In March and April 2009, a novel swine-origin pandemic H1N1 influenza virus appeared and spread worldwide. The pandemic of H1N1 2009 influenza virus poses a public health threat. According to the World Health Organization (WHO), as of 30 April 2010, worldwide at least 17919 death cases have been reported . Compared with influenza A H1N1 virus, the highly pathogenic avian influenza virus H5N1 has a much higher mortality rate: H5N1 has a mortality rate of more than 50% while novel pandemic H1N1 has only about 1% . Nevertheless, pandemic H1N1 and highly pathogenic H5N1 manifest similar clinical symptoms at the early stage of infection . Early detection of these two pathogens is an essential prerequisite for effective control and prevention of the pandemic.
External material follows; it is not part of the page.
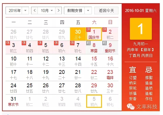 根據《國務院關于2016放假安排表的通知》,天津網站建設-文率科技2016十一放假時間安排:放假7天,即10月1日至10月7日。10月8號(星期六),10月9號(星期天)正常上班。

Real-time RT-PCR/PCR is a powerful method for the sensitive and specific detection of virus-derived nucleic acids in clinical samples . It is time-saving and more specific compared with endpoint PCR. Therefore, real-time RT-PCR assay has been widely used and recommended by WHO for many rapid viral pathogen detection. Moreover, multiplex assays allow to measure several fluorophores in one well, which can simultaneously detect different target sequences . Since the outbreak of pandemic H1N1 influenza, many real-time RT-PCR assays have been developed for detecting of the novel H1N1 [6–13]. Some multiplex real-time RT-PCR assays for simultaneous typing (A/B) and subtyping of H1, H2, H3, H5, H7 and H9 of influenza A viruses have also been reported [14–17]. However, no studies were reported for subtyping of the novel pandemic H1N1 and H5N1 simultaneously.
In this study, a duplex TaqMan real-time RT-PCR assay was improved by adjusting the concentrations of primers and probes in the WHO protocols. The assay could simultaneously detect H5N1 avian influenza virus and pandemic H1N1 influenza virus, which could be used for early diagnosis of influenza-like patients and for epidemiological surveillance.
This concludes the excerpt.